--- START ---

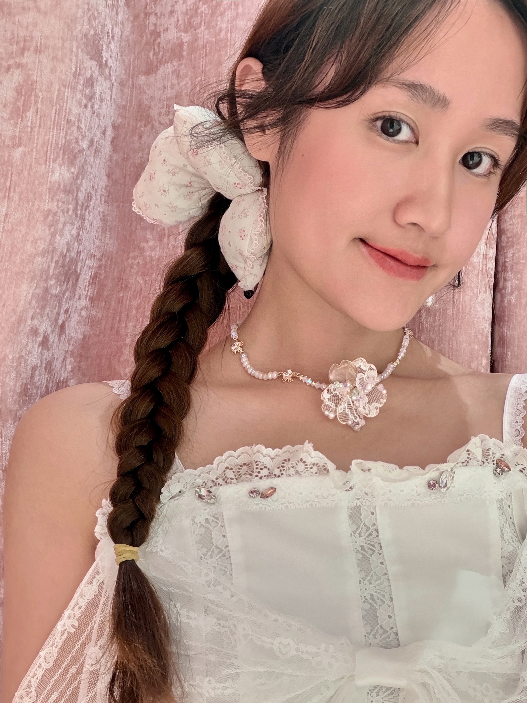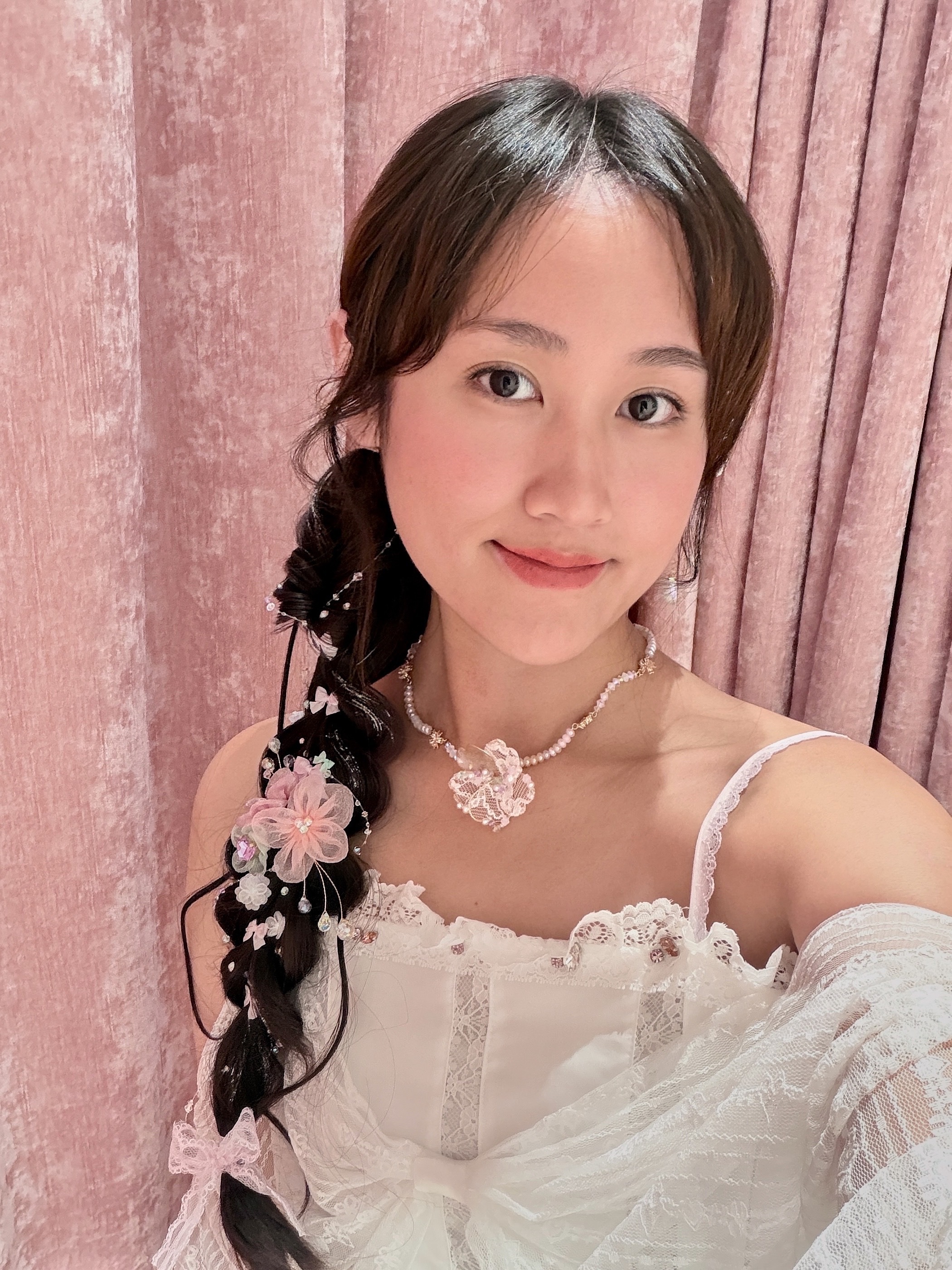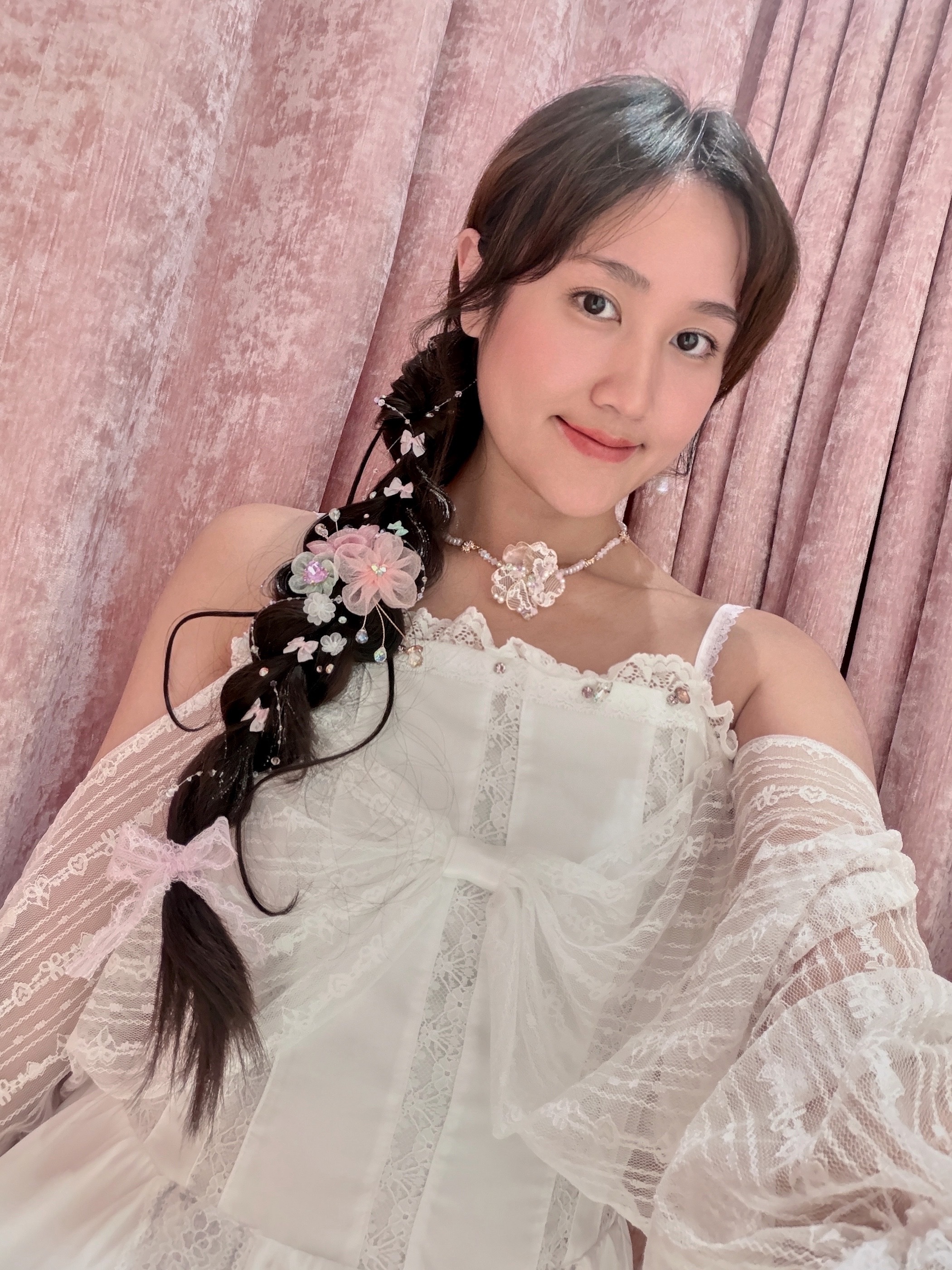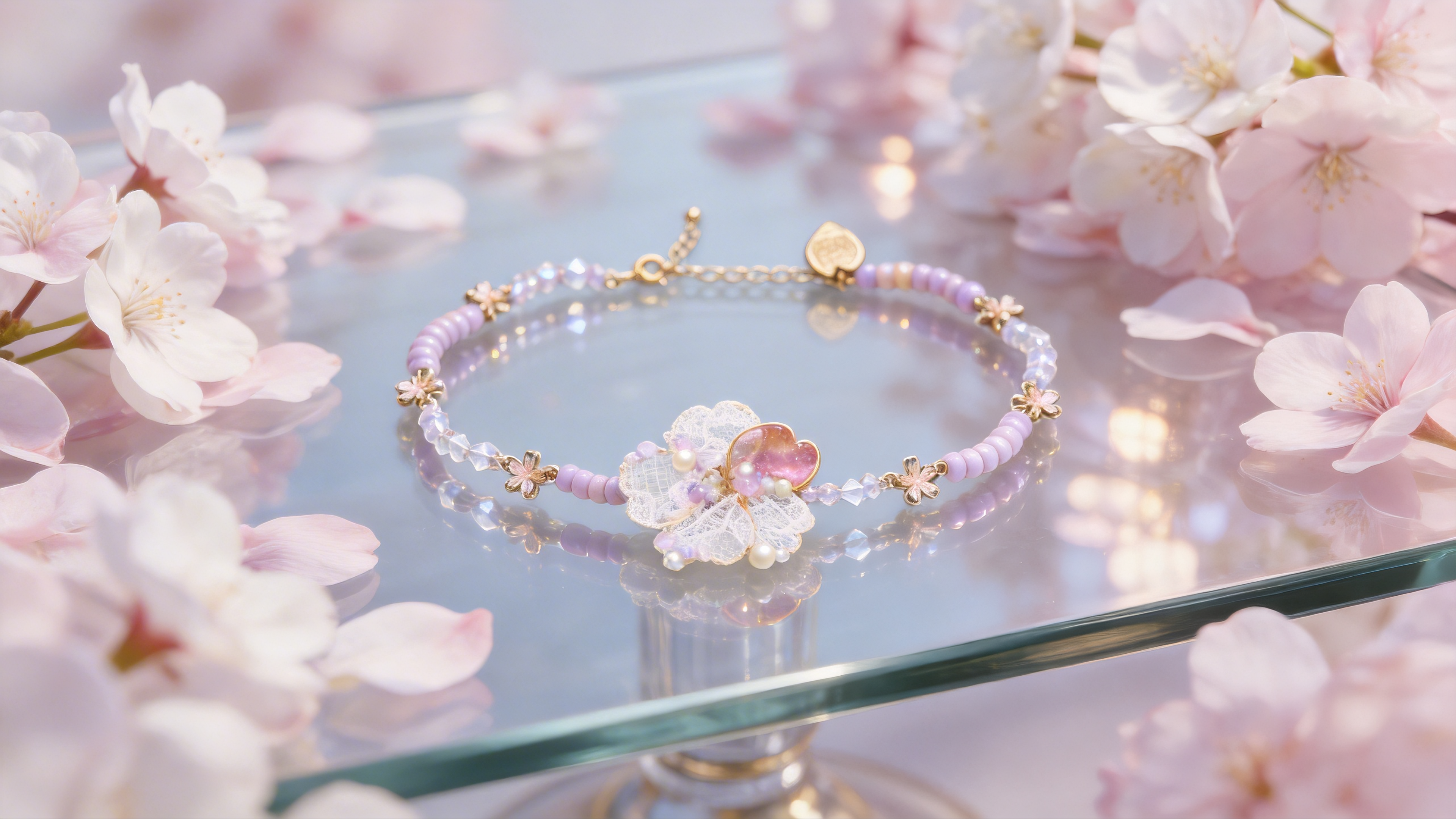 細緻米珠以柔和粉色調串連,呈現帶有少女氣息的清新質感。每一段珠飾以微微弧形排列,如呼吸般輕柔延展。中央以金線蕾絲花結合櫻花元素,層層細節在光線下展現柔美而細膩的光澤。
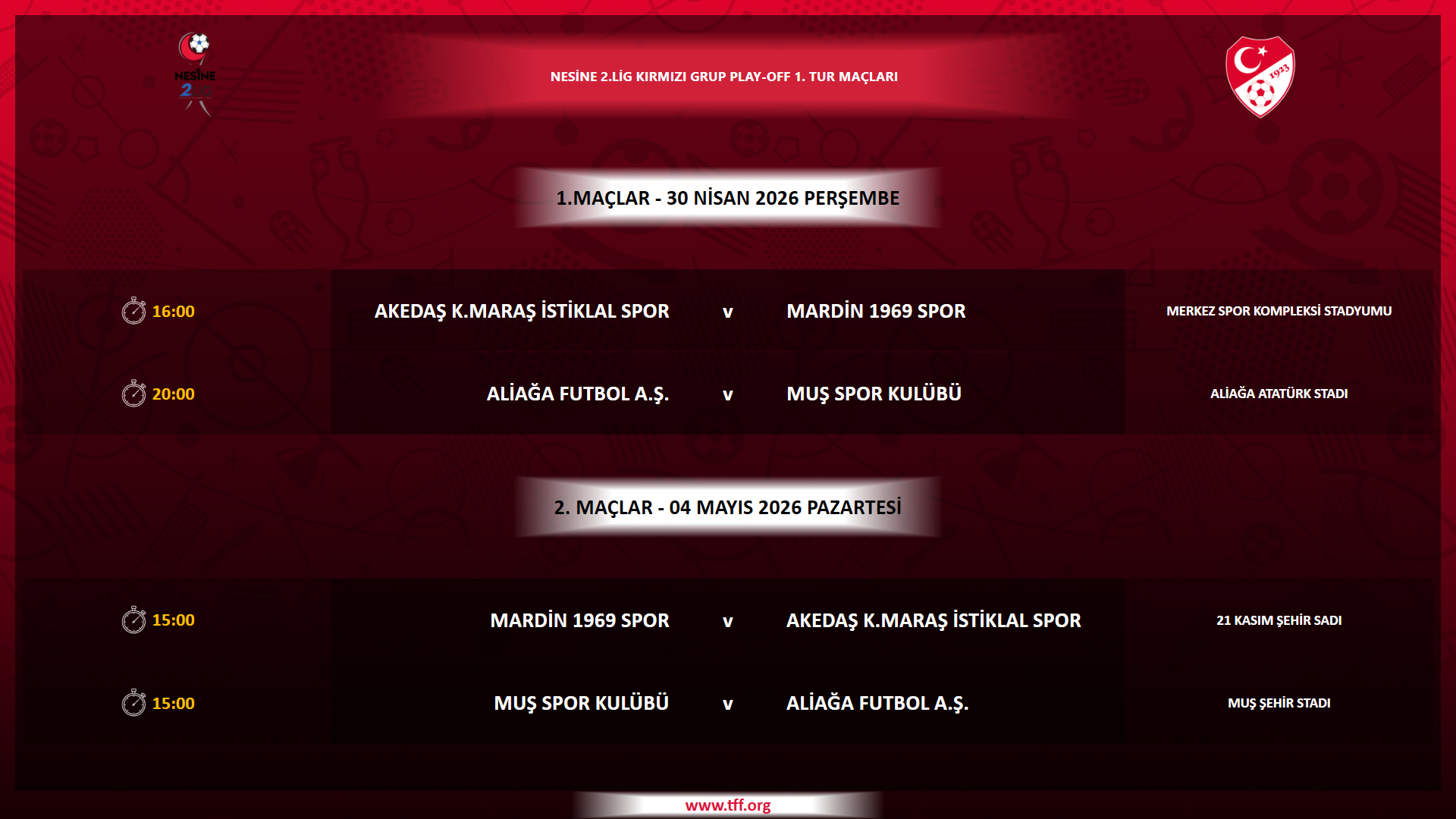 Nesine 2. Lig Play-Off 1. Tur Programları Açıklandı 25.04.2026 Nesine 2. Lig play-off 1. tur müsabakalarına ilişkin programlar açıklanmıştır.Karşılaşmaların programları şöyle: Diğer Haberler Haftanın Programı Nesine 2. Lig'de Haftanın Canlı Yayınlanacak Maçları Belirlendi Nesine 2. Lig'de Haftanın Müsabaka Görevlileri Açıklandı Nesine 2. Lig'e Yükselen Kütahyaspor Futbol Spor Kulübü Kupasını Aldı Bursaspor, Trendyol 1. Lig'e Yükseldi Nesine 2. Lig'e Yükselen Sebat Gençlik Spor Kupasını Aldı İnegöl Kafkas Spor Kulübü, Nesine 2. Lig'e Yükseldi Nesine 2. Lig'e Yükselen 12 Bingöl Spor, Kupasını Aldı Profesyonel Lig Müsabakaları Öncesinde Saygı Duruşunda Bulunulacak Nesine 2. Lig ve Nesine 3. Lig'de Haftanın Müsabaka Görevlileri Açıklandı
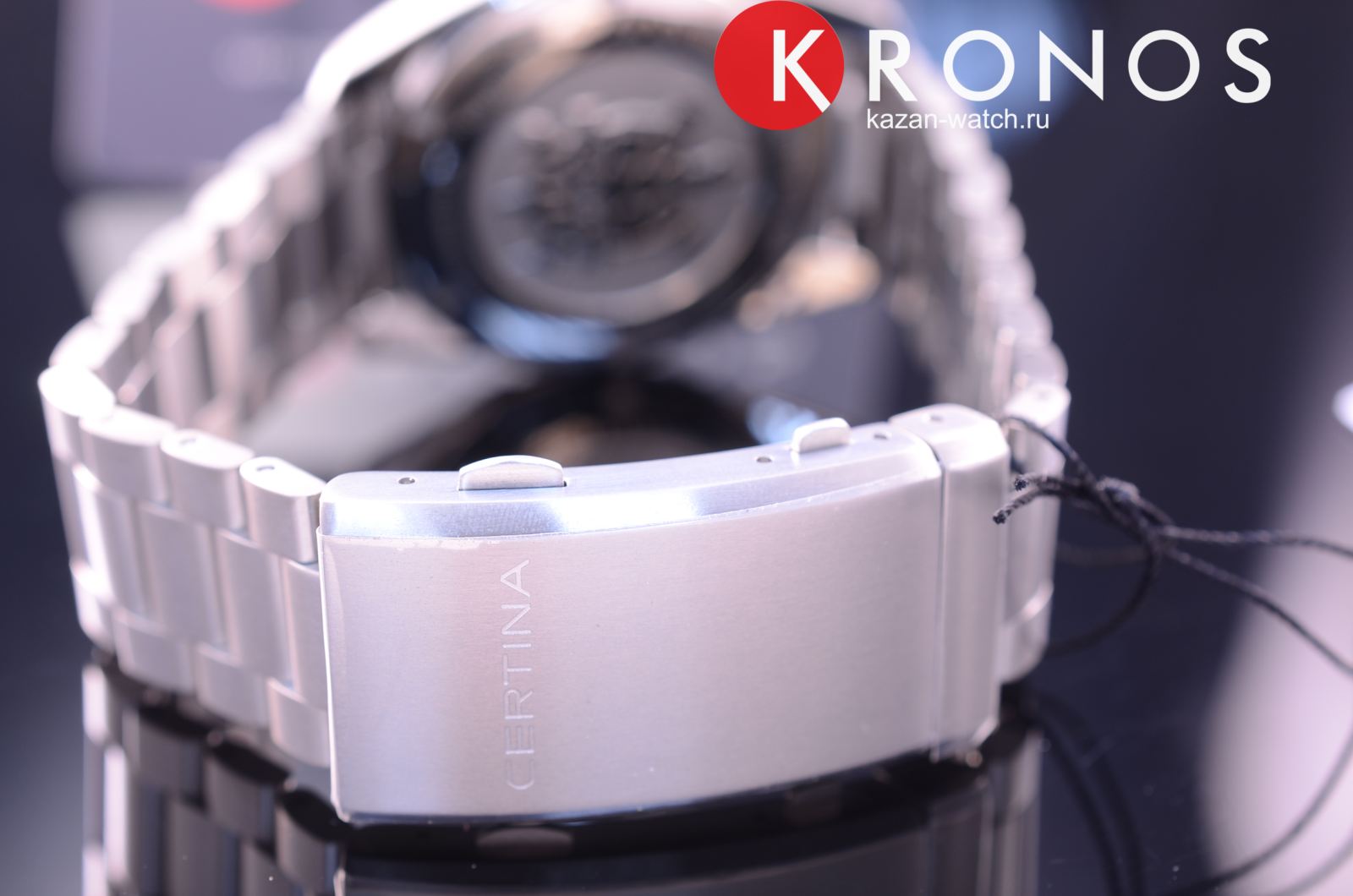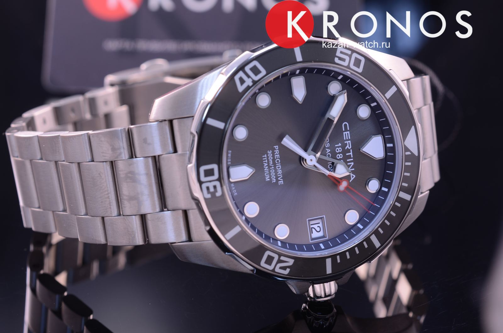 Наручные часы представляют собой настоящий шедевр, безупречно всё: от продуманного дизайна до высокого качества исполнения. Модель выполнена из титана, отличающегося устойчивостью к воздействию магнитных полей и морской воды. Швейцарский кварцевый механизм ETA F07.411 Precidrive™Precidrive™Инновационный кварцевый механизм Certina. Часы, оснащённые этим швейцарским калибром, приравниваются к точности к сертифицированным хронометрам, точность хода составляет +/-10 секунд в год. демонстрирует максимальную точность хода. Сапфировое стекло с антибликовой поверхностью. Односторонне вращающийся безельБезельВнешний ободок, закрепляющий стекло. В спортивных часах так называется поворотное кольцо с делениями на циферблате, выполняет роль таймера – замеряет отрезки времени на шкале. Неподвижный безель – элемент декора. Однонаправленно вращающийся безель на дайверских часах позволяет фиксировать моменты погружения и выныривания на поверхность.. Реализация концепции Double SecurityDS ConceptDouble Security Concept, обозначает двойную надёжность и безупречную точность часов Certina. Двойная система защиты подразумевает обеспечение максимальной устойчивости к ударам и высоких показателей водонепроницаемости.. Водонепроницаемость при давлении до 30 бар. Застёжка с фиксатором и удлинением для дайверовУдлинение для дайверовЗастёжка с удлинением для дайверов представляет собой безопасное крепление, которое позволяет надевать часы поверх гидрокостюма. Гибкая застёжка удлиняется на 1-2 миллиметра.. Яркая люминесцентная подсветкаЛюминесцентное покрытиеПозволяет считывать показания времени в темноте. Производители наносят на стрелки, часовые индексы, безель или поверхность циферблата светонакопительный состав, дающий холодное свечение.. Окошко даты, индикатор EOLEOLПредставляет собой систему, уведомляющую владельца часов о необходимости замены элемента питания. За 2 недели до полного разряда батарейки секундная стрелка перестаёт ходить чётко и начинает перепрыгивать на 3-4 деления.. Диаметр корпуса: 41 мм.
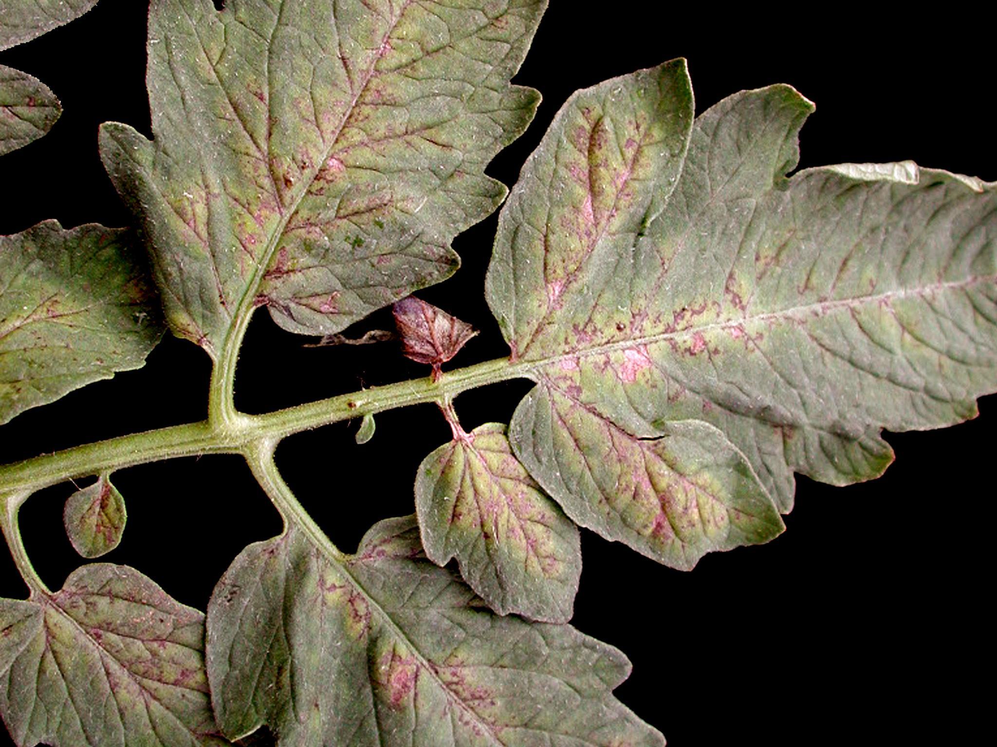 Légende: Brunissement longeant les nervures sur folioles de tomate

--- END ---

Work to complete:
Only these lines belong in the answer: the first line of the listing above through the line holding "Nesine 2. Lig Play-Off 1. Tur Programları", printed exactly and without pictures.

Written answer:
 細緻米珠以柔和粉色調串連,呈現帶有少女氣息的清新質感。每一段珠飾以微微弧形排列,如呼吸般輕柔延展。中央以金線蕾絲花結合櫻花元素,層層細節在光線下展現柔美而細膩的光澤。
 Nesine 2. Lig Play-Off 1. Tur Programları Açıklandı 25.04.2026 Nesine 2. Lig play-off 1. tur müsabakalarına ilişkin programlar açıklanmıştır.Karşılaşmaların programları şöyle: Diğer Haberler Haftanın Programı Nesine 2. Lig'de Haftanın Canlı Yayınlanacak Maçları Belirlendi Nesine 2. Lig'de Haftanın Müsabaka Görevlileri Açıklandı Nesine 2. Lig'e Yükselen Kütahyaspor Futbol Spor Kulübü Kupasını Aldı Bursaspor, Trendyol 1. Lig'e Yükseldi Nesine 2. Lig'e Yükselen Sebat Gençlik Spor Kupasını Aldı İnegöl Kafkas Spor Kulübü, Nesine 2. Lig'e Yükseldi Nesine 2. Lig'e Yükselen 12 Bingöl Spor, Kupasını Aldı Profesyonel Lig Müsabakaları Öncesinde Saygı Duruşunda Bulunulacak Nesine 2. Lig ve Nesine 3. Lig'de Haftanın Müsabaka Görevlileri Açıklandı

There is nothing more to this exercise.